出版社内容情報
干魃にあえぐ町で起きた一家惨殺事件。帰郷した捜査官が見出した真相とは。英国推理作家協会賞ゴールドダガー受賞の傑作ミステリ
ジェイン・ハーパー[ハーパー ジェイン]
著・文・その他
青木 創[アオキ ハジメ]
翻訳
内容説明
連邦警察官フォークは二十年ぶりに生まれ育った町へ帰ってきた。旧友のルークが自殺を遂げたと聞きつけたのだ。妻子を道連れに、なぜか赤ん坊を一人残して―。ルークの親から心中事件の真相究明を依頼されたフォークは、干魃にあえぐ灼熱の町で、自身の秘めた過去とも向き合うことに…。新人離れした文章力と卓越したストーリーテリングで世界中から絶賛されたオーストラリア・ミステリ。英国推理作家協会賞受賞作!
著者等紹介
ハーパー,ジェイン[ハーパー,ジェイン] [Harper,Jane]
イギリスのマンチェスター生まれ。オーストラリアに移住したのち、イギリスのケント大学を卒業。ジャーナリストの仕事を経て作家を志す。『渇きと偽り』で2015年にヴィクトリア州知事文学賞(未発表原稿部門)を受賞した。

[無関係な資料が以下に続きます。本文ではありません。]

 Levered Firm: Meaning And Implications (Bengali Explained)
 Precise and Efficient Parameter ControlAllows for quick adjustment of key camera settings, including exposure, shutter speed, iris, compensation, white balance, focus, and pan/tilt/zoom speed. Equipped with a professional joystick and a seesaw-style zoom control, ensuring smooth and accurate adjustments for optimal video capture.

2016年に刊行となった『渇きと偽り』は、“ニューヨーク・タイムズ”紙のベストセラー・リストにランクインし、さらに2017年には英国推理作家協会(CWA)賞ゴールド・ダガー賞(最優秀長篇賞)ほか数々の賞を受賞
青木創[アオキハジメ]
1973年生、東京大学教養学部教養学科卒、翻訳家(本データはこの書籍が刊行された当時に掲載されていたものです)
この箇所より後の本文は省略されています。